| What you will do |
In the entries below, find the line with "This Coconut Crusted" and the line with "beating heart! ;-)"; copy them and every line between them exactly, but not the pictures.

| Dataset extract |
*** Block opens ***

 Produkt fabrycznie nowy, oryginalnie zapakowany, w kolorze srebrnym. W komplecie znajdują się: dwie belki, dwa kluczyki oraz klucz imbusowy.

*** Block closes ***
*** Block opens ***

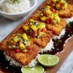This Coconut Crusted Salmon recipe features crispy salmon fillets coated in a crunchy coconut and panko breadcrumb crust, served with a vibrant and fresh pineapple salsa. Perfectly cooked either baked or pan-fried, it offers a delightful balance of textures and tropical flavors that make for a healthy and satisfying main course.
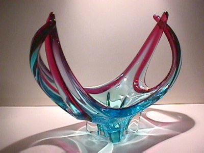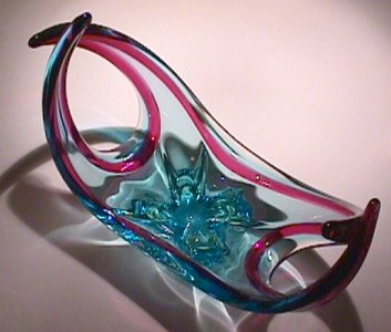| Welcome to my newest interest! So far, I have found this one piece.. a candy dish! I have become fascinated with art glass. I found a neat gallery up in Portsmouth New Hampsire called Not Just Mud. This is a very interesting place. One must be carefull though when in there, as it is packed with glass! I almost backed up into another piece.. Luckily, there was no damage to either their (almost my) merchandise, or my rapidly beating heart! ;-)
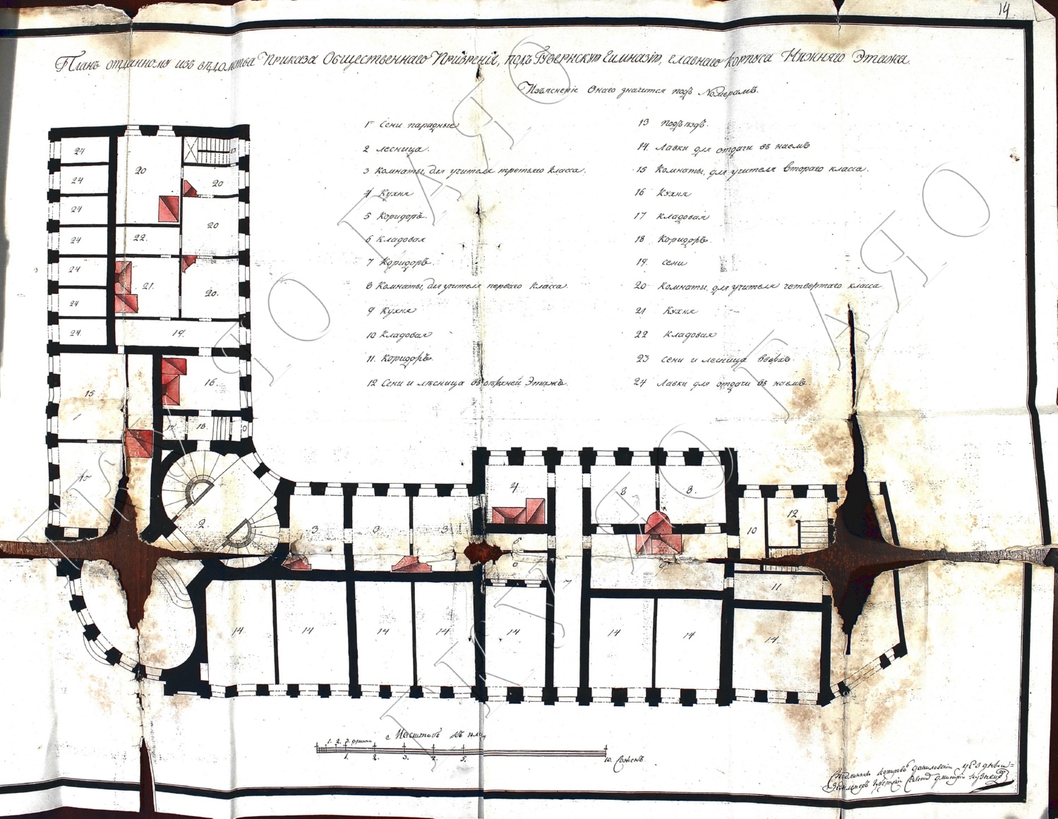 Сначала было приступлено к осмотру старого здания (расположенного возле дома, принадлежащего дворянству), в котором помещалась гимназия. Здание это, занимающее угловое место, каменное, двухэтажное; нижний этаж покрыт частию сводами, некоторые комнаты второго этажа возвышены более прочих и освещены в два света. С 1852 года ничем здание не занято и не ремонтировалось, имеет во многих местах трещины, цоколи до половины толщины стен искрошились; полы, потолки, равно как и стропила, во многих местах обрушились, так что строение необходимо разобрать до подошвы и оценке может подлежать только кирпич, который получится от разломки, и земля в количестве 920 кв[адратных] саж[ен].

*** Block closes ***
*** Block opens ***

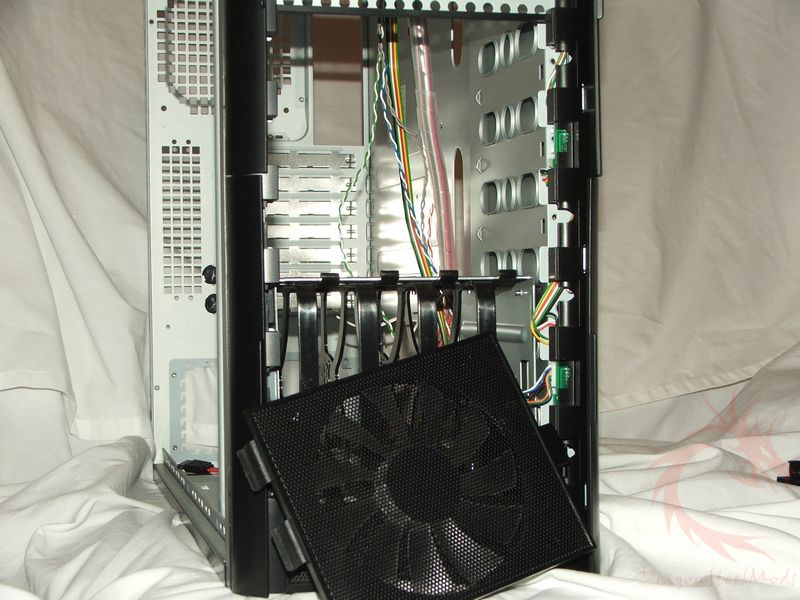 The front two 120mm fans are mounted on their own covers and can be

*** Block closes ***

| Your solution |
This Coconut Crusted Salmon recipe features crispy salmon fillets coated in a crunchy coconut and panko breadcrumb crust, served with a vibrant and fresh pineapple salsa. Perfectly cooked either baked or pan-fried, it offers a delightful balance of textures and tropical flavors that make for a healthy and satisfying main course.
| Welcome to my newest interest! So far, I have found this one piece.. a candy dish! I have become fascinated with art glass. I found a neat gallery up in Portsmouth New Hampsire called Not Just Mud. This is a very interesting place. One must be carefull though when in there, as it is packed with glass! I almost backed up into another piece.. Luckily, there was no damage to either their (almost my) merchandise, or my rapidly beating heart! ;-)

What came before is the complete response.